Frankie Sullivan (born February 1, 1955) is an American guitarist, best known for being a founding member of the rock band Survivor. He has been the only permanent fixture in its lineup since the band's 1977 inception.

Early life 
According to pianist and keyboardist Jimmy Tranchitella of Northlake, Illinois, Sullivan's musical career began in his early teens. He enjoyed sports and started running when he was 17; he became a lifelong runner.

One of his heroes is Muhammad Ali, and he has a framed autograph from the boxer hanging in his home.

Career 
In 1976, Sullivan was a member of the Chicago-based hard rock band Mariah.

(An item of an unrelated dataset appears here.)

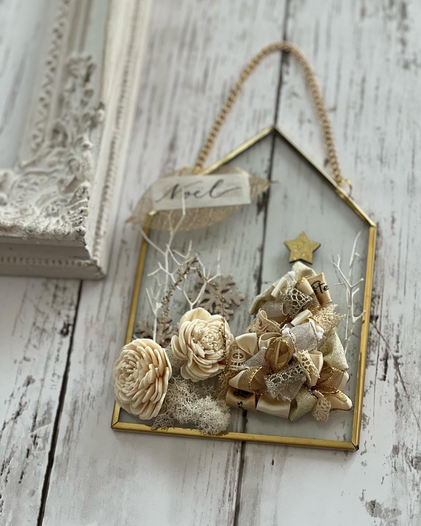 何種類ものリボンを使って作るツリーをデコレーションした、クリスマスのミニ壁掛けです♡

In 1978, he partnered with Jim Peterik and the two became a very successful songwriting team. Sullivan was a lead guitar player. Sullivan and Peterik formed the nucleus of the band Survivor and the band immediately began touring, playing concerts in clubs. Sullivan's first hit on the Billboard charts was in 1981 with the song "Poor Man's Son" from the album Premonition.

Along with former bandmate, keyboardist and vocalist Jim Peterik, Sullivan co-wrote all of the group's hits, including "Eye of the Tiger" and "Burning Heart" from the Rocky III and IV movie soundtracks. He credits Sylvester Stallone for giving him the "opportunity of a lifetime" by using his song Eye of the Tiger in the Rocky III movie.

In 1984, Sullivan and the band Survivor had a song on the movie soundtrack for The Karate Kid. The song was The Moment of Truth.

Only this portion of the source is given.